The Ninth Circuit’s reasoning in this case provides interesting insight into how courts might view mental health expert witnesses in capital trials. Dr. Potts, the psychiatrist in the original trial, was assessed by the Ninth Circuit to be an insufficient witness in part because he was court-appointed and therefore not under obligation to further the defense’s cause. This particular view of the psychiatrist as expert witness seems to contradict the forensic psychiatrist’s ethical imperative to “strive for objectivity,” regardless of the retaining party. Additionally, the Ninth Circuit panel appeared to give weight to factors like the number of potential different diagnoses uncovered or the sheer amount of time spent by an evaluator on a case (i.e., Dr.
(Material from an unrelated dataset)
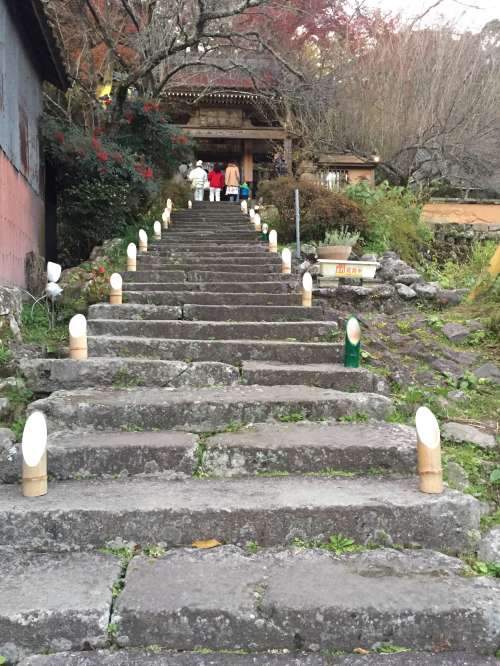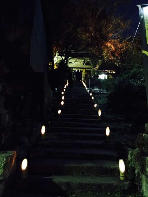 行くときには明るかった階段が、帰りには竹燈篭でライトップ されています。

Stewart’s spending 130 hours on the case versus Dr. Potts’ “short and cursory” four-hour evaluation) when assessing potentially mitigating evidence. In performing assessments in capital cases, it is useful for forensic evaluators to be aware of how such factors may influence the court.
A final interesting question raised by this case is who will fund the in-depth mental health evaluations considered essential in death penalty cases. The original $2,000 allotted to Mr. Jones’s trial attorney would presumably have only covered a small fraction of a forensic psychiatrist’s 130 hours of billing time. It would seem unfair if the ability of a capital defendant to receive a just sentence were predicated in part on having sufficient money to hire forensic evaluators to do extensive work, but this scenario is a possible implication of the ruling in this case.